Naquele cenário improvisado do Morro Dona Marta, com o batuque da percussão ecoando no ar e a curiosidade da comunidade em festa, Glória descrevia um Michael diferente daquele que o mundo via nos tabloides. “Simples, simpático, paciente”, ela dizia, em contraste com a imagem de um astro exigente e recluso. Ali, entre becos e telhados, surgia um Michael Jackson real, humano, quase tímido — e profundamente curioso sobre a alma brasileira.

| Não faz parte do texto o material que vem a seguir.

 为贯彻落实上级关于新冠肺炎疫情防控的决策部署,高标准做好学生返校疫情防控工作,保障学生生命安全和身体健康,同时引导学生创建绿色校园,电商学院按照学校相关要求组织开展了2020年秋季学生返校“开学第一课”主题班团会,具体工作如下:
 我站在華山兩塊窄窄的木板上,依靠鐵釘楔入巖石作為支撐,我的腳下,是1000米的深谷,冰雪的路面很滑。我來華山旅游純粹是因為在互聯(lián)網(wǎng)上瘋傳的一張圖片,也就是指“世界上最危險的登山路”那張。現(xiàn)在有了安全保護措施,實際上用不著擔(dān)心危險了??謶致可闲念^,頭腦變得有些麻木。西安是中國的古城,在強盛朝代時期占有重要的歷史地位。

Apesar das câmeras do programa não registrarem uma entrevista formal, Glória viveu um momento único. Foi Michael quem a abordou, quem se interessou por sua história. No Pelourinho, ele a viu sendo acolhida pelo povo e decidiu: “vamos conversar no Rio”. E assim, no improviso do destino, nasceu um diálogo raro — sem script, sem estrelismo. Era o ídolo global querendo entender o Brasil pelos olhos de uma mulher negra que venceu preconceitos.

“Ele me entrevistou”, disse Glória anos depois, ao recordar o momento. Foram vinte minutos de conversa onde o astro perguntava, ouvia, absorvia. Queria saber das raízes de Glória, da luta contra o racismo, das cicatrizes sociais do Brasil. E foi ali, entre uma resposta e outra, que o mito ganhou carne e osso: um homem franzino, coberto por uma pele tão fina que deixava à mostra as marcas do vitiligo. Um corpo marcado por dores físicas e simbólicas.

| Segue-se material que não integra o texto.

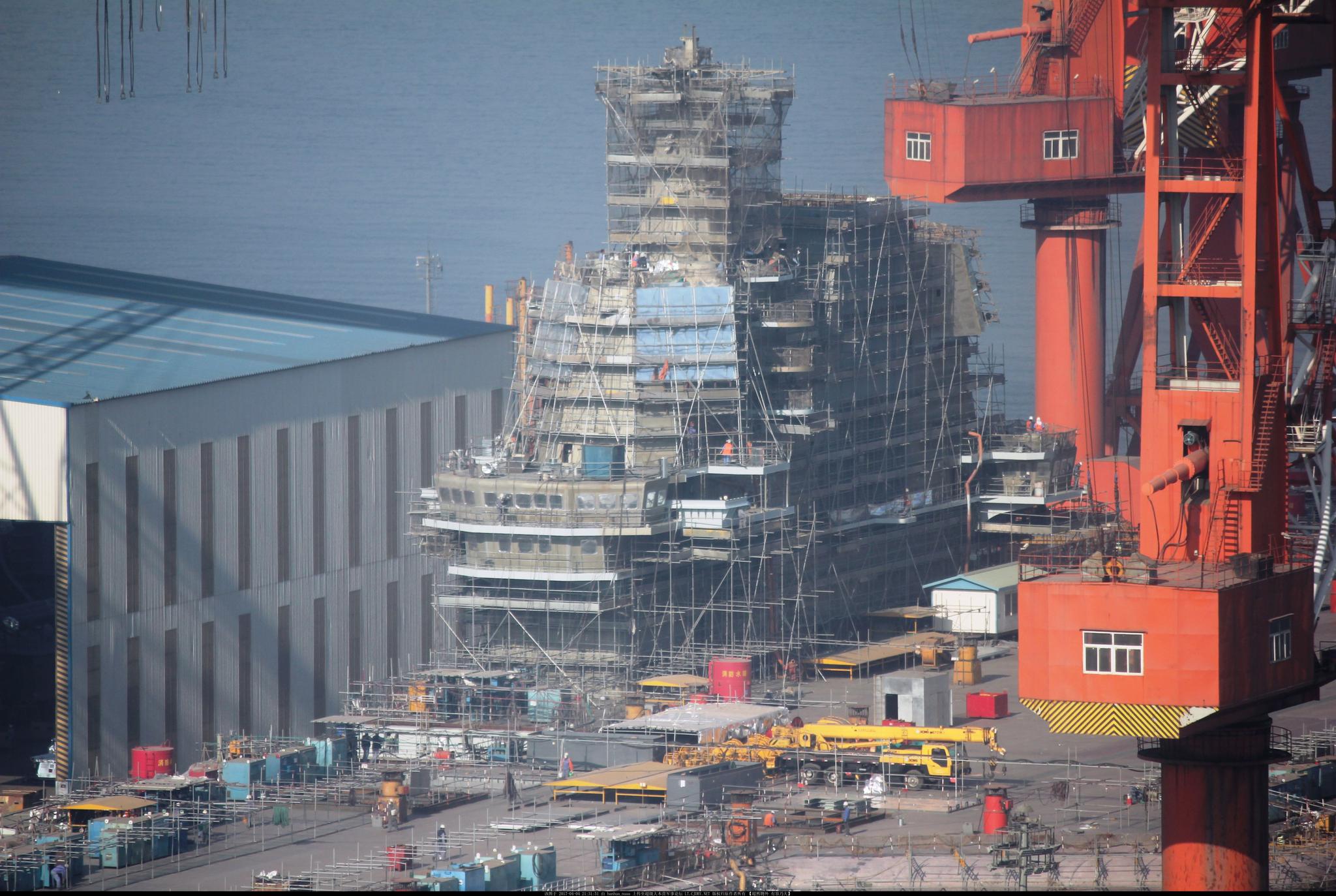 媒体报道称,从3月以来网络上的照片显示首艘国产航母已涂装红色底漆,舰岛上已开始安装玻璃及相控阵雷达等设备。最近曝光的照片更显示已开始清理甲板,可能于近期下水。

Para Glória, que tocou o braço de Michael com cuidado e reverência, caiu por terra a narrativa sensacionalista do “embranquecimento proposital”. “Senti vergonha por ter acreditado em algo tão raso”, confessou. Naquele instante íntimo, entre jornalistas e dançarinos, entre câmeras e abraços, ela enxergou um homem cansado de ser mal interpretado. Um homem que, no fundo, só queria ser compreendido.

O ápice veio sem roteiro. Ao final da gravação, enquanto Glória encerrava sua matéria com palavras de surpresa e encanto, Michael a olhava em silêncio — “com cara de bobo”, ela brincou. Foi então que ele a puxou num gesto espontâneo, disse “I love you, Brazil”. Um beijo, um gesto de entrega. O homem por trás do ícone, presente e afetuoso.

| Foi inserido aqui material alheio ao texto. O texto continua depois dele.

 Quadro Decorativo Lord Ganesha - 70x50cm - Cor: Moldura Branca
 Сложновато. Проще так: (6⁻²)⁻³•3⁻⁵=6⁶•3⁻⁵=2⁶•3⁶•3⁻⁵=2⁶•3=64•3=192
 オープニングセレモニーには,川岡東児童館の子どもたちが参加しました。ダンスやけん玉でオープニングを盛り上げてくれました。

Glória saiu transformada. Com seu olhar afiado de repórter e sua sensibilidade rara, ela decifrou o que tantos não conseguiam: Michael Jackson não era só o artista extravagante, mas alguém ferido por dentro, movido pela empatia e fascinado pela alma popular. “Ele era frágil, sem frescura, sem nojo de gente”, disse. E talvez ninguém tenha traduzido melhor o Michael do Brasil do que Glória Maria.

Essa história, feita de minutos e memórias, permanece como uma joia do jornalismo e da cultura. Um encontro improvável, que revelou o coração de um astro e o brilho de uma jornalista inesquecível.

2 Comments

  1. Momento unoco e memorável, o encontro entre o maior showman do planeta e a jornalista mais sensível do Brasil. Naquele verão de 1996, quando se anunciou que o clipe “They don’t care about us” , foi uma verdadeira catarse, como se um meteoro passasse pelas terras brasileiras., e ninguém melhor que Gloria Maria para captar o momento uma vez que ambos tiveram historias parecidas: vieram da pobreza, a questão racial, a superação de limites e a chegada ao sucesso. Foi como um encontro de almas, um se identificando com o outro. Michael se sentiu um pouco brasileiro. É como se fossem velhos conhecidos. Saudades do Michael e saudades da Glória.

  2. Quanto mais ouço sobre Michael…tantos depoimentos incríveis como esse da nossa querida Glória! Mais o meu amor se fortalece…só aumenta com o passar dos anos…minha admiração e meu respeito. Michael Jackson amor eterno!